White, blue, green, pink, or yellow? I take a look at Apple’s colourful addition to the iPhone range.
In 2013 Apple broke from the norm and released two iPhones at the same time. While the flagship iPhone 5s may have touted 64-bit processing and a fingerprint recognition home button, the iPhone 5c came with its own unique selling point – its colours.
For the first time the iPhone comes in funky colours instead of only black, white, or silver. It is available in white, blue, green, pink, or yellow.
This is not a run down of iOS 7. This is not a review of how iPhones work. This is mini review of what’s different about the iPhone 5c.

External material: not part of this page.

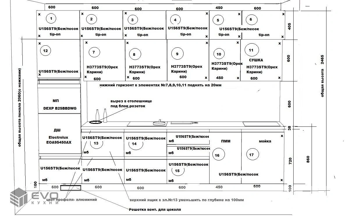 - Фасады: МДФ Пластик EGGER U156ST9(Беж/песок)+H3773ST9(Орех Карини).

In a strange move when Apple released the 5s and 5c, they decided to remove the iPhone 5 from their line – keeping the iPhone 4s as their bottom line iPhone. What adds to the confusion is that the iPhone 5c features the same hardware as the 5, just repackaged in a colourful plastic casing.

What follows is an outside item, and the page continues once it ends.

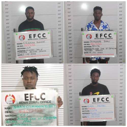 Fifteen internet fraudsters - Emmanuel Ebushi, Omamurhomu Daniel, Ekeh Michael, Amhazioya Christian, Happy Daniel, Ndudi Justice Monday, Ese Collins Oyeide, Prosper Oghenewero Oghenemarho, Terry Orovwigho, Alapka Barnabas, Aro Oluwaferanmi, Godsgift Sylvanus, Oyeide Clement, Osamwonyi Terry Holy, and Emakpore Efetobor were on Thursday June 8 and Friday June 9, 2023 convicted and sentenced to prison by Justice M. Itsueli of Edo State High Court sitting in Benin City.

The iPhone 5 was plagued with problems from easy scratching to warping, broken buttons, and camera – and some claim Apple replaced the 5 and all its problems with the 5c – and brushed the 5 under the carpet.
iPhone 5 vs. iPhone 5c
Both the iPhone 5 and the iPhone 5c have the same Apple A6 1.3 GHz dual core 32-bit processor, with 1 GB RAM, a PowerVR SGX543MP3 graphics chip, and a 4” screen with 1136 x 640 pixels and 326 ppi. Both have 8 megapixel (MP) rear camera and 1.2 MP front camera.
The slight differences are, the iPhone 5 was available in 16, 32, and 64 GB, vs. the iPhone 5c in 16 and 32 GB – with Europe also getting an 8 GB version. The iPhone 5 has a slightly lower 1440 mAh battery vs. the 1507 mAh battery in the iPhone 5c.
This plastic casing on the iPhone 5c makes it marginally taller, wider, and deeper than the iPhone 5 and oddly also makes it heavier.
In the Real World
The iPhone 5c performs like an iPhone 5. However, in the hand it is an extremely slippery device. It really needs a case, and the official Apple ones with holes in them feel good in the hand – but they are pricey.
My wife recently picked up a yellow iPhone 5c, and the black lettering and Apple logo on the back looks very fetching and stands out very well.
The 5c seems a great device. iPhones often get mocked for poor battery life, but unlike previous iPhones, the 5c has a superb battery.
My wife has Facebook installed with push notifications and iMessage set up. She also plays a fair amount of games – and she easily gets two days out of her 5c. In contrast, my iPhone 4s barely reaches a day – but then it is older, with a smaller battery, and I have a lot of push apps installed as well as email fetch hourly.
However good a media and gaming device an iPhone might be, it is a phone primarily – and this essential function works very well. Call quality is clear and loud, and signal strength has been superb, which is good, because we live in a generally poor signal area.
iPhone 5c or 5s
The iPhone 5s is the flagship device and the iPhone 5c is hardly the “cheap” handset people were hoping for, but there is a significant price difference. Which one you choose will depend on your financial situation. Both are great devices.
When brightly coloured iPhones where rumoured, I thought it would cheapen the brand, make them feel toy-like. The colours might sound gaudy, but they are pale pastel versions and do look very nice – I just wish there was a black version.
Would I get one? Yes, I would if I didn’t already have a 4s. They are fast, slick, and lovely looking devices. The only question is which colour?